TO DO:
With every picture left out, give the data below back exactly.

### DATA PROVIDED

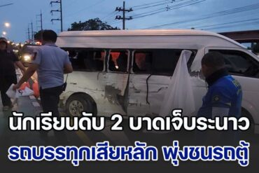 สลด! รถบรรทุกหกล้อเสียหลัก ข้ามเกาะกลางถนน พุ่งชนรถตู้รับ-ส่งนักเรียน เสียชีวิต 2 ราย บาดเจ็บระนาว
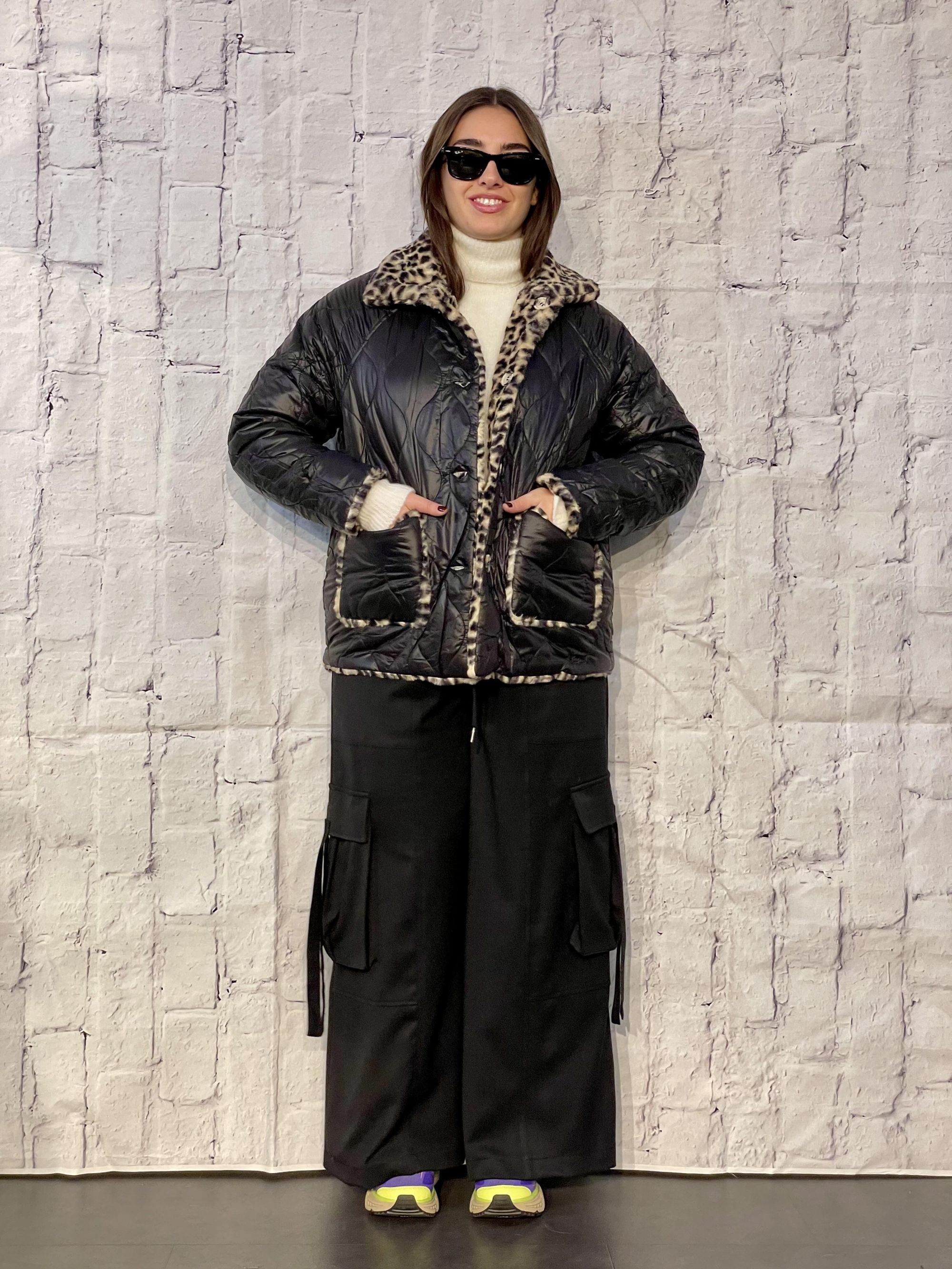 MDIMATILDE - GIACCA TRAPUNTATA REVERSIBILE NERA CON INTERNO ECOPELLICCIA ANIMALIER
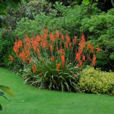 - Watsonia densiflora plus petite entre 1m et 1.2m - 7° fl rose ou blanche feuillage persistant

######

EXERCISE OUTPUT:
 สลด! รถบรรทุกหกล้อเสียหลัก ข้ามเกาะกลางถนน พุ่งชนรถตู้รับ-ส่งนักเรียน เสียชีวิต 2 ราย บาดเจ็บระนาว
 MDIMATILDE - GIACCA TRAPUNTATA REVERSIBILE NERA CON INTERNO ECOPELLICCIA ANIMALIER
 - Watsonia densiflora plus petite entre 1m et 1.2m - 7° fl rose ou blanche feuillage persistant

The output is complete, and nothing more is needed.